There are five ways to make money from real estate, and if the formula is correct, you will make money from your property.

Capital growth:

Your properties will need to increase in value at a wealth-building rate in order to create a healthy asset base. This will be driven by high demand from owner-occupied properties (which increase property values) and by tenants (who help pay your mortgage).

Cash flow:

Simply speaking your rent.

Tax benefits:

However, this is not the only reason you should invest; a well-thought-out tax plan can also help you manage cash flow, reduce your tax liabilities and boost your profits.

Accelerated growth:

One of the best ways to generate capital growth is to invest in properties that need a bit of a makeover, whether that’s in the form of renovations or a full rebuild through property development.

Inflation: 

Property investors have figured out that it’s not as easy to make money as it is to make money with cash.
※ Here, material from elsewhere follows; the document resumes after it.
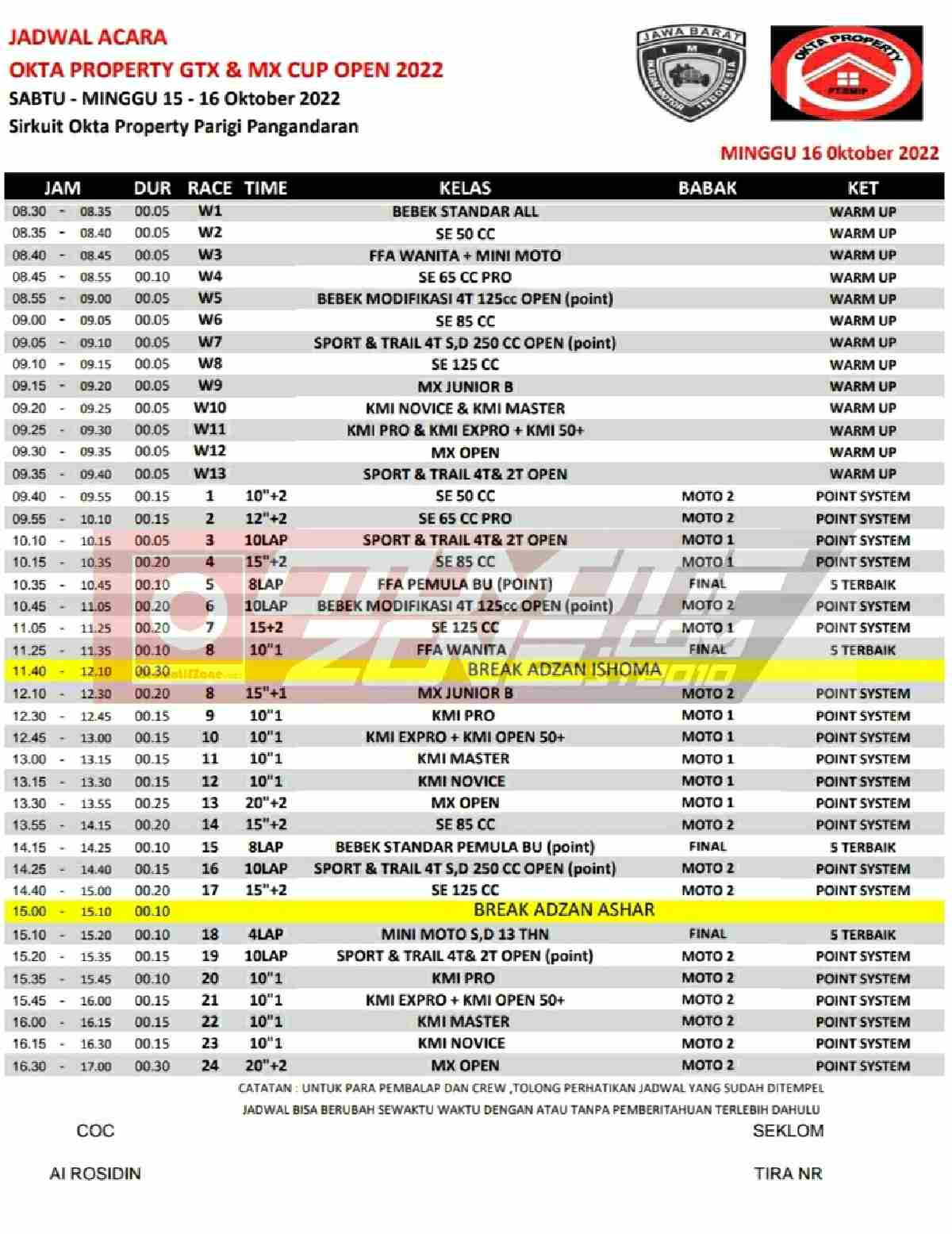 Kemudian mengingatkan, tim harus update jadwal gelaran grasstrack dari panitia, karena bisa saja terjadi perubahan jadwal tanpa pemberitahuan.

They’ve figured out that they’re better off using other people’s money as leverage and gear — in other words, taking out a mortgage. Over time, however, that mortgage becomes less valuable as inflation eats away at it. For instance, let’s say you take out a $400k mortgage on a $500k property today. Ten years from now, your property could cost $1m and you’d still owe $400k (assuming interest only payments). However, in ten years, that $400k won’t be worth nearly as much as it would be due to inflation.